Did you scan all buses? Was it complaining somewhere? I ask because I'm not familiar with the MoBo and roothorick seems to think you do have sensor chips onboard.

----------

## Helena

Another thing to check: with every kernel upgrade you have to recompile lm-sensors...

----------

## syntec

Yes, I did sensors-detect after re-compiling kernel and I2c re-compile.

 I re-did sensors-detect and saw nothing different than what I posted.

Yes, this Mobo does have sensors because I can see their stats within the BIOS that's what prompted me to try lm_sensors.

I even had it scan smbus as well, but it showed the same results. This is very weird.

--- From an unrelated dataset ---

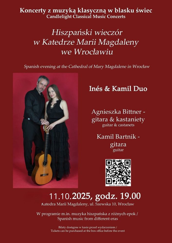 Na scenie wystąpi Ignes & Kamil Duo – duet artystów, którzy łączą wirtuozerię gitary z tańcem, kastanietami i rytmem bębna. Ich występ to coś więcej niż koncert – to spotkanie z duchem Andaluzji, opowieść opowiadana dźwiękiem, ruchem i emocją. W programie znajdą się utwory inspirowane tradycyjną muzyką flamenco, hiszpańską klasyką i tańcem ognia a także utwory własne– wszystko to w niepowtarzalnej atmosferze gotyckiej katedry, która doda wydarzeniu wyjątkowego charakteru.

I'm contemplating Unmerging lm_sensors, I2c and compiling a new kernel to make sure I haven't missed anything.

Will keep you posted.

Thank you

----------

## syntec

ok, I got a little further...

root@roxxen linuxrocks # sensors

eeprom-i2c-0-52

Adapter: SMBus Via Pro adapter at 5000

Memory type:            SDR SDRAM DIMM

Memory size (MB):       512

eeprom-i2c-0-51

Adapter: SMBus Via Pro adapter at 5000

Memory type:            SDR SDRAM DIMM

Memory size (MB):       512

This is at least in a forward direction   :Laughing: 

----------

## syntec

Ok, now we are in Business   :Laughing: 

thanks for all the help   :Cool: 

http://www.synteccore.no-ip.org

----------

## CarlUman

Which of the I2C Hardware Bus support option should be picked for Intel 845 chipset?

Thanks

----------

## QuaffAPint

 *syntec wrote:*   

> Ok, now we are in Business  
> 
> thanks for all the help  
> 
> http://www.synteccore.no-ip.org

 So - what was it that you did to get it working...

----------

## syntec

When creating a new kernel select <*> I2C and underneath that do the same <*> and under those select them ALL as modules <M>

Then emeger i2c and lm-sensors

Then do the "sensors-detect" and answer YES to everything.

Read what is at the end and do EXACTLY what they tell you.

You should have an array of temp/voltage sensors running  :Twisted Evil: 

----------